Another related line of work concerns lightweight adaptation, in which only a small subset of parameters is updated while the main backbone remains fixed [31]. The general motivation is to reduce update cost while keeping most backbone parameters fixed during adaptation [31]. This idea is relevant to battery prognostics because online adaptation in battery applications often occurs under strict resource and data constraints [11,13]. A lighter update path can therefore be attractive not only for computational efficiency, but also because it may help reduce adaptation sensitivity when only a short target stream is available [13,28]. Parameter-efficient updating is well suited to deployment-oriented battery personalization when the goal is to preserve the original predictor while limiting the burden of online modification.
The literature reviewed above suggests that the main challenge addressed in this paper lies at the intersection of these three directions. Existing studies have established the importance of SOH/RUL prediction, the need for target-cell personalization, and the relevance of changing temporal context and constrained online updates. However, fewer studies have examined these issues jointly in a controlled online-transfer setting while keeping the backbone architecture and fixed input length unchanged. Rather than proposing a new predictor, the present work investigates whether online personalization can be made more practical by combining a lighter update path with a more flexible effective-history selection rule within the same deployment-oriented baseline. This positioning motivates the method described in Section 3.

3. Method

This section describes the proposed method under the representative online-transfer setting introduced above. To keep the formulation relevant to deployment-oriented battery prognostics, we first define the causal online prediction setup, then describe the baseline, and finally present the two constrained strategies considered in this work: parameter-efficient updating and adaptive history selection.

3.1. Problem Setup

For each cell, the data arrive as a time-ordered sequence of charge–discharge cycles. At online step t, the predictor receives an input constructed only from information available up to that step and produces updated estimates of the target health variables under a strictly causal protocol. The exact rule used to construct the input sequence is described later together with the baseline and the adaptive history-selection mechanism.
The model predicts two quantities simultaneously: RUL and a capacity-based SOH proxy, represented here by discharge capacity (mAh).
Formally, let f ( · ; θ ) denote the predictor. Given the sampled input x t at step t, the model outputs y ^ t rul and y ^ t soh , which correspond to the predicted RUL and capacity, respectively. As noted above, both prediction and adaptation at step t use only observations available up to that step.

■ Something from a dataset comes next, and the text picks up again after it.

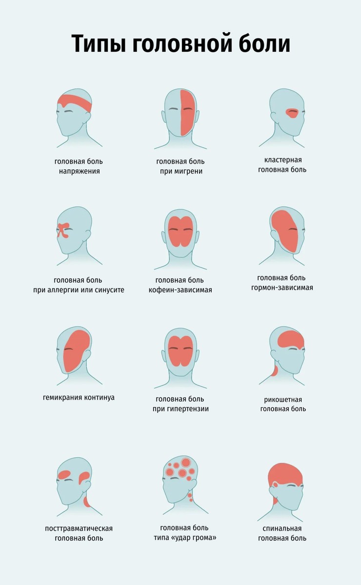 Головная боль – это один из самых распространенных симптомов, который испытывает практически каждый человек. Она может быть острой, тупой, пульсирующей, давящей, локализованной в определенной области головы или распространяться по всей ее поверхности. Причины головной боли разнообразны: от обычной усталости и стресса до серьезных заболеваний. Причины головной боли • Первичная головная боль: включает в себя мигрень, головную боль напряжения и кластерные головные боли. • Вторичная головная боль: возникает как симптом другого заболевания, например: * инфекции (менингит, энцефалит) * травмы головы * повышение артериального давления * опухоли головного мозга * инсульт * проблемы с синусами * глазные заболевания * проблемы с зубами * нарушение сна * обезвоживание * употребление алкоголя и кофеина. Симптомы головной боли • Мигрень: сильная пульсирующая головная боль, обычно с одной стороны головы, которая может сопровождаться тошнотой, рвотой, светобоязнью и чувствительность

3.2. Backbone Model and Baseline Setting

As the baseline, we use the same backbone architecture adopted in the representative online transfer learning framework [8]: a CNN–LSTM predictor with two output heads for RUL and SOH, where SOH is represented by capacity. For online battery prognostics under deployment constraints, the input size is fixed: the model [8] always takes 10 sampled recent cycles as input in this work. This setting ensures a fair comparison because all methods use the same input length and the same backbone structure.
Under the representative baseline, the model always receives 10 sampled cycles constructed from a fixed recent-history span, and online adaptation updates only the LSTM parameters while the CNN and prediction heads remain frozen [8]. This baseline is retained here as the reference setting. The two modifications examined in this work are introduced separately in Section 3.3 and Section 3.4.

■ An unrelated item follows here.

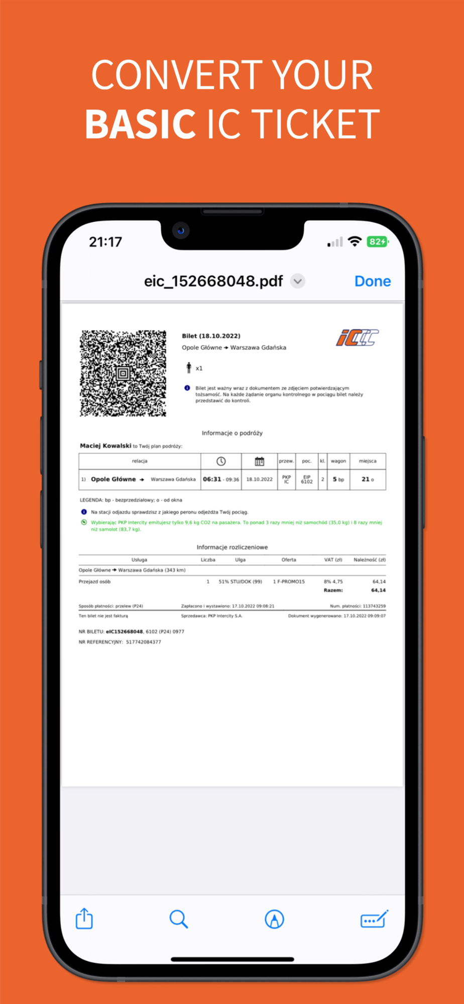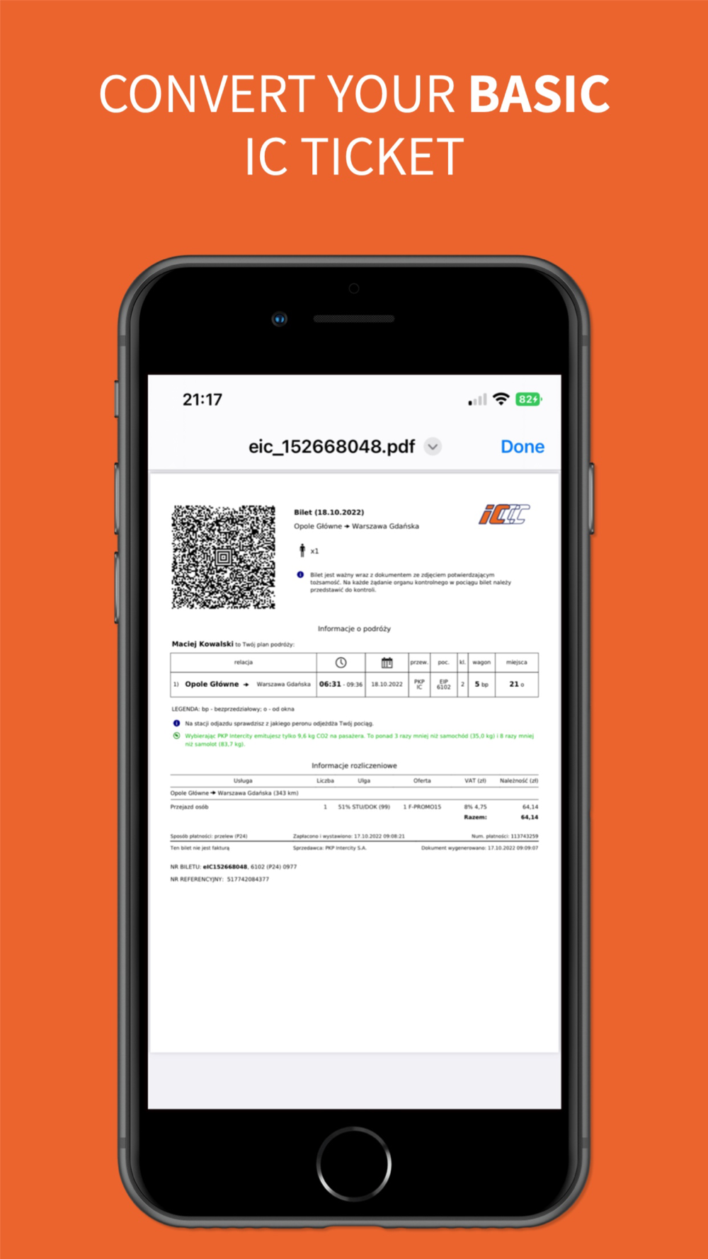 If you have ever been annoyed by searching for the PDF Intercity ticket in your email inbox this app is for you. Change you Intercity PDF ticket into a pass stored into your Wallet.

3.3. Parameter-Efficient Online Personalization

Online fine-tuning can be costly and unstable when only limited target data are available, which is a practical concern for deployment-oriented battery management. To reduce the online update cost and improve stability, we freeze the CNN–LSTM backbone and update only a small set of parameters during online personalization. We achieve this by introducing a lightweight adapter module into the network. The adapter is placed after the LSTM encoder and before the prediction heads, allowing it to adjust the shared latent representation with only a small number of additional parameters. Given the latent feature h , the adapter produces
h = h + W u p σ ( W d o w n h ) ,
where W d o w n R d a × d and W u p R d × d a , with d a d , and σ ( · ) is a nonlinear activation function. Here, d denotes the feature dimension (hidden size) of the LSTM output, and d a denotes the adapter bottleneck dimension.
During online adaptation on a target cell, we minimize a multi-task objective:
L = L r u l + λ L s o h .
During this process, only the adapter and the auxiliary SOH head are updated, while the backbone and the RUL head remain fixed. The RUL loss is still back-propagated through the shared representation, allowing the adapter to improve RUL prediction without re-tuning the heavy recurrent backbone. As a result, online optimization is restricted to a small set of parameters, which helps limit update cost and reduces the risk of overfitting when target-cell data are limited.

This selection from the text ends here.